ACTIVITY » Set down, word for word, each line from the top of the data through the line that has "Pozostava z klobúčika, šiat"; omit every picture.

[Stored entries]
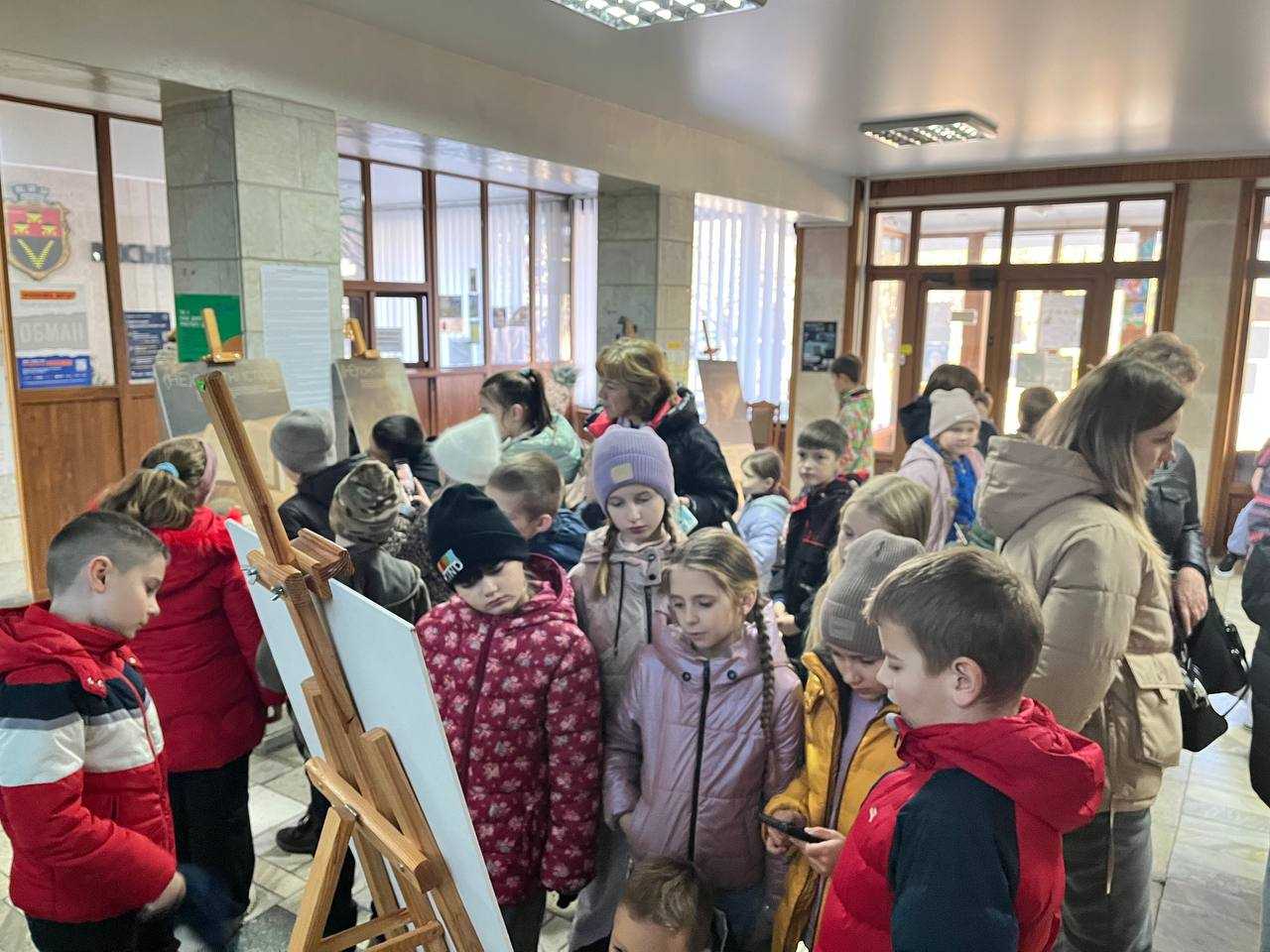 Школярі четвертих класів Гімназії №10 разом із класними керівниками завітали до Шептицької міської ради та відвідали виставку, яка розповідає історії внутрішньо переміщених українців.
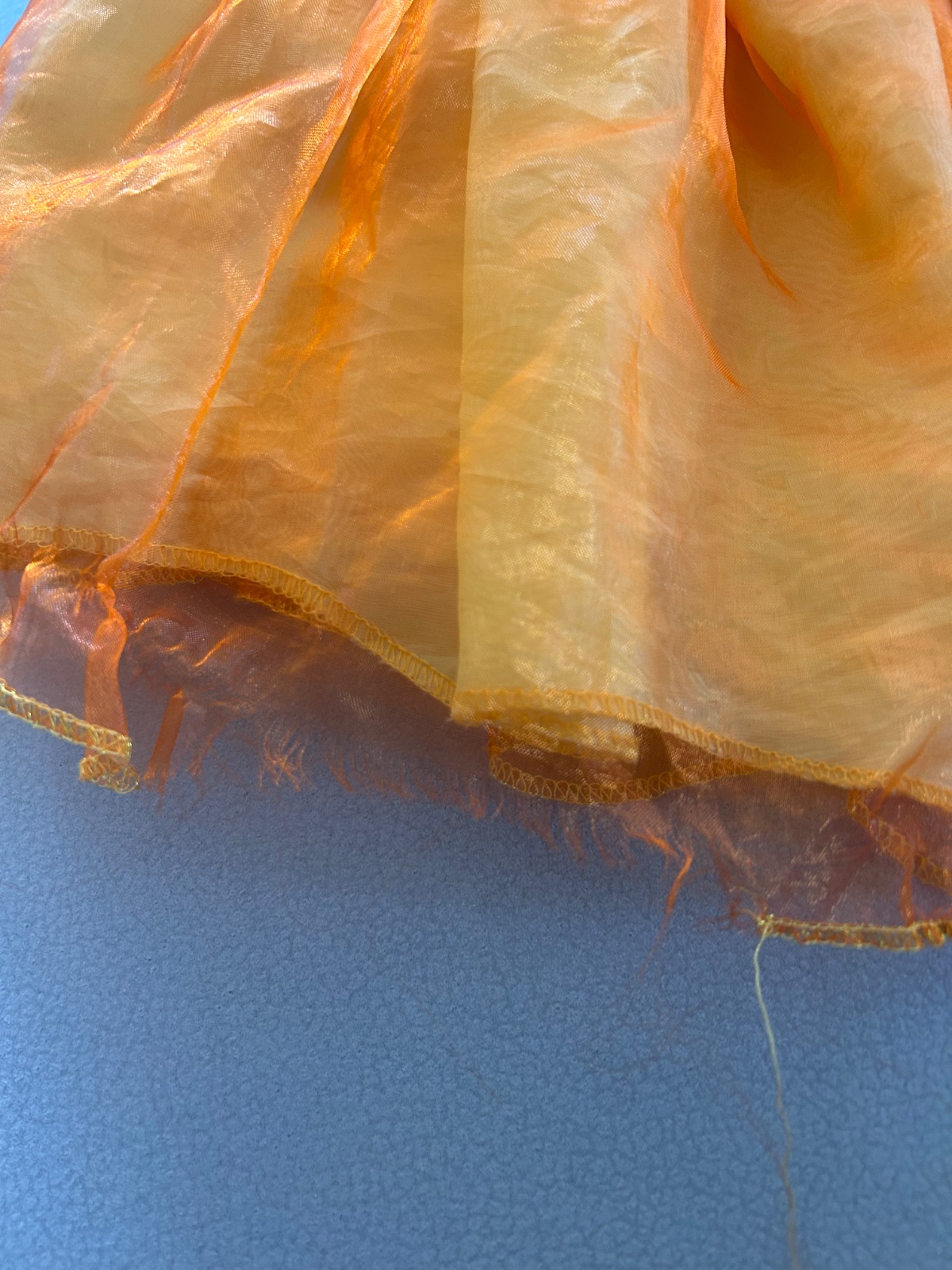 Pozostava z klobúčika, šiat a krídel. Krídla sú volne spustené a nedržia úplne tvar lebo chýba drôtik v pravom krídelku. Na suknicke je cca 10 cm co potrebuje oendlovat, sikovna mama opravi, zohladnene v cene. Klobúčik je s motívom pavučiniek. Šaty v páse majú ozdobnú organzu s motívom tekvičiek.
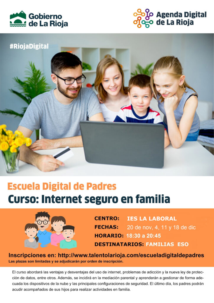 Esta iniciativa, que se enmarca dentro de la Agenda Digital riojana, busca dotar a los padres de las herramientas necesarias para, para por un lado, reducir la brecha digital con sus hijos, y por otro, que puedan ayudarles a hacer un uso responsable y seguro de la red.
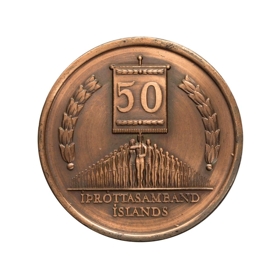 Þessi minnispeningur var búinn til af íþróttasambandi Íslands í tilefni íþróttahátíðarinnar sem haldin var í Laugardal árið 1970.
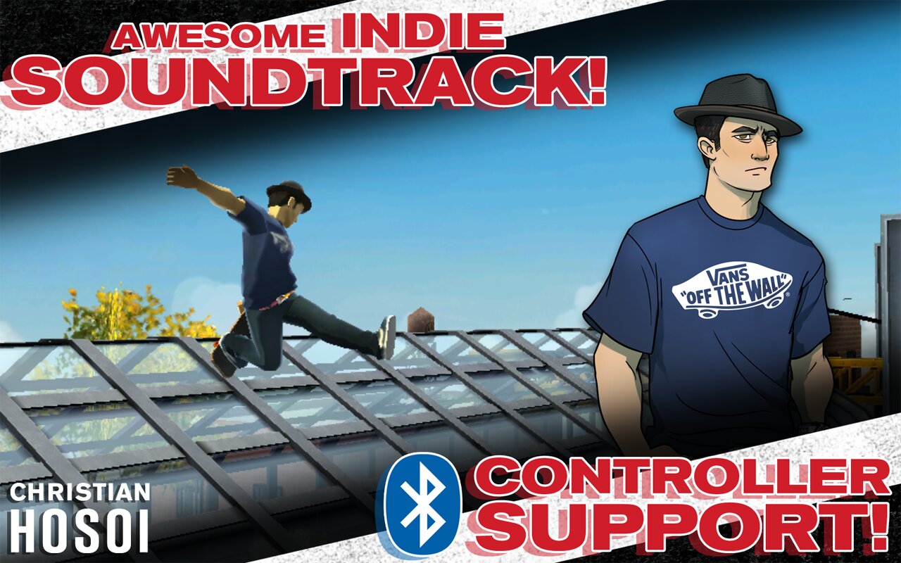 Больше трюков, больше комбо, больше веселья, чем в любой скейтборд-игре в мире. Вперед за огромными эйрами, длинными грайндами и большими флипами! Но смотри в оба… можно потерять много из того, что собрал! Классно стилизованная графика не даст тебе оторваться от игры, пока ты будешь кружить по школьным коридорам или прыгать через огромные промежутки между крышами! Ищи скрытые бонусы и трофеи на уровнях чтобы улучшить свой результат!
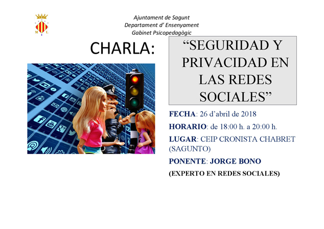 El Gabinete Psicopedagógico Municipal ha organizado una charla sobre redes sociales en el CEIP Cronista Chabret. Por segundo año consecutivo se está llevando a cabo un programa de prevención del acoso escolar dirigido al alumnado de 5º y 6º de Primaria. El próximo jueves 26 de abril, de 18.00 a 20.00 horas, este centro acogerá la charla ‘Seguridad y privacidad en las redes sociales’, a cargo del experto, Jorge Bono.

ANSWER FOR THE TASK »
 Школярі четвертих класів Гімназії №10 разом із класними керівниками завітали до Шептицької міської ради та відвідали виставку, яка розповідає історії внутрішньо переміщених українців.
 Pozostava z klobúčika, šiat a krídel. Krídla sú volne spustené a nedržia úplne tvar lebo chýba drôtik v pravom krídelku. Na suknicke je cca 10 cm co potrebuje oendlovat, sikovna mama opravi, zohladnene v cene. Klobúčik je s motívom pavučiniek. Šaty v páse majú ozdobnú organzu s motívom tekvičiek.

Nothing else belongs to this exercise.